Swiss scientists may solve paralysis with an implant

Science stories don’t get picked up here as often as gadgets, but we love it all the same, and one thing we love is hearing about science that can make people better, with scientists in Switzerland doing just that.

Scientists at the Swiss Federal Institute of Technology in Lausanne (or the École Polytechnique Fédérale de Lausanne if you prefer the local tongue) are working on something that could bring movement back to people who suffer from paralysis if their research is anything to go on.
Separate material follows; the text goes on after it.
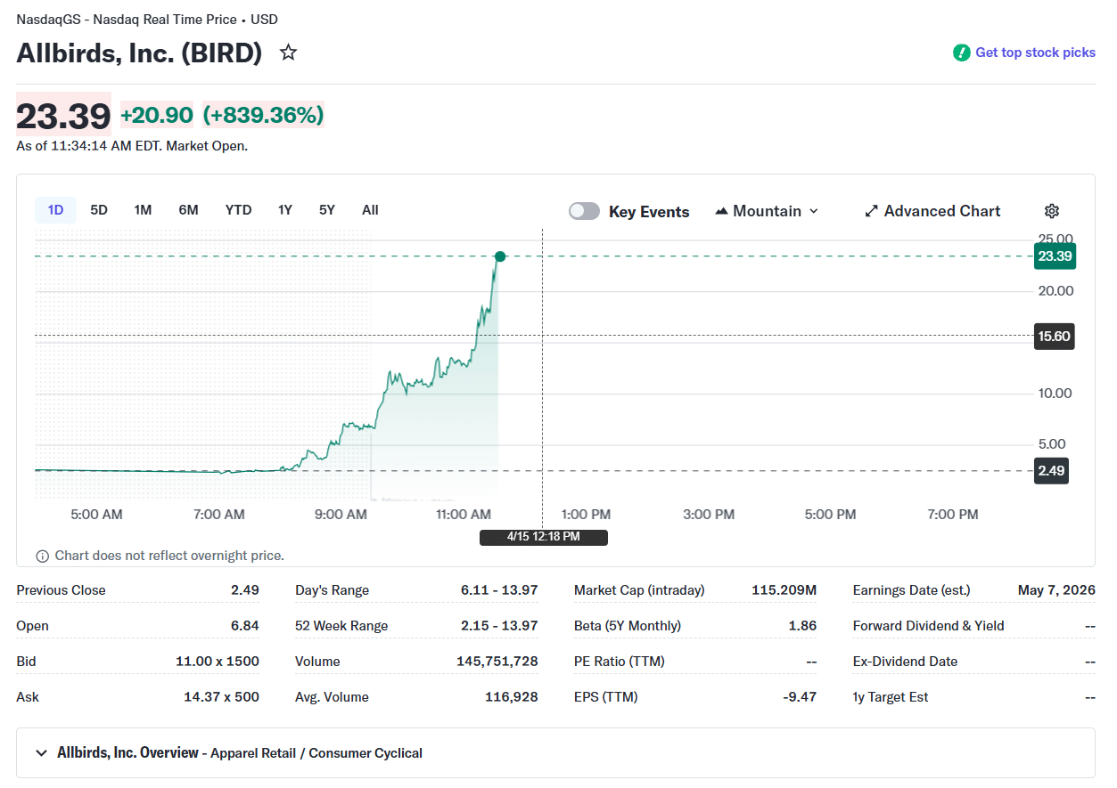 受这一消息刺激,Allbirds股价周三(4月15日)一度暴涨876%,升至24.31美元,而其周二收盘价仅为2.49美元,市场反应极为剧烈。

A team at the organisation has managed to create a new implant made from flexible silicon covered with gold electric tracks, with electrodes made from silicon and platinum, all of which works at the moment to deliver electrical impulses from the brain to the legs of a paralysed animal, allowing it to walk again.
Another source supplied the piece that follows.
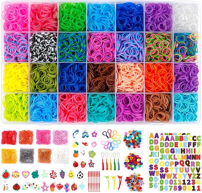 - Included Components : 18975 rubber bands in 37 colors, 600 S-Clips, 252 beads, 10 backpack hooks, 30 charms, 8 crochet hooks, 5 tassels, 3 hair clips, letter stickers, storage box 18975 rubber bands in 37 colors, 600 S-Clips, 252 beads, 10 backpack hooks, 30 charms, 8 crochet hooks, 5 tassels, 3 hair clips, letter stickers, storage box
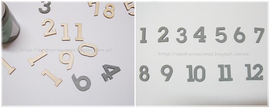 Paso 11. Poner los números. Primero realizamos los números, para ello compramos números de madera que ya vienen pre-cortados y con adhesivo incluido, ya que vimos que tenían una altura aproximada de 3 cm, anchura aproximada de entre 2 - 2,3 cm y grosor aproximado de 1 mm, por tanto nos venían perfectos para nuestro reloj. Los pintamos con dos capas de chalk paint de color Vintage para que se destacaran bastante del fondo del reloj.

The scientists tested the implant on paralysed rats, installing the implant below the protective layer of the nervous system called the “dura mater”, and after a few weeks of training, the paralysed rat was able to walk, without the body trying to reject the implant, which we’re told is something that can happen, and frequently does, as the implants that have been previously tested rub against tissue causing inflammation and eventual rejection by the body.

As a result of how this works, the scientists have called the implant an “e-Dura” because it sits this close to the nervous system, and plugs directly into the spinal cord.

“Our e-Dura implant can remain for a long period of time on the spinal cord or the cortex, precisely because it has the same mechanical properties as the dura mater itself,” said Stéphanie Lacour, one of the professors working on the project.

“This opens up new therapeutic possibilities for patients suffering from neurological trauma or disorders, particularly individuals who have become paralysed following spinal cord injury.”

We can’t explain it better than the scientists working on the project, so have included a video below where they show off the concept and demonstrate what it can do, but from where we sit, it is very, very impressive.

The e-Dura implant isn’t likely to cure paralysis overnight, but the team of scientists is looking to eventual clinical trials in humans, which can only be good news for the treatment of paralysis, and other spinal cord related injuries.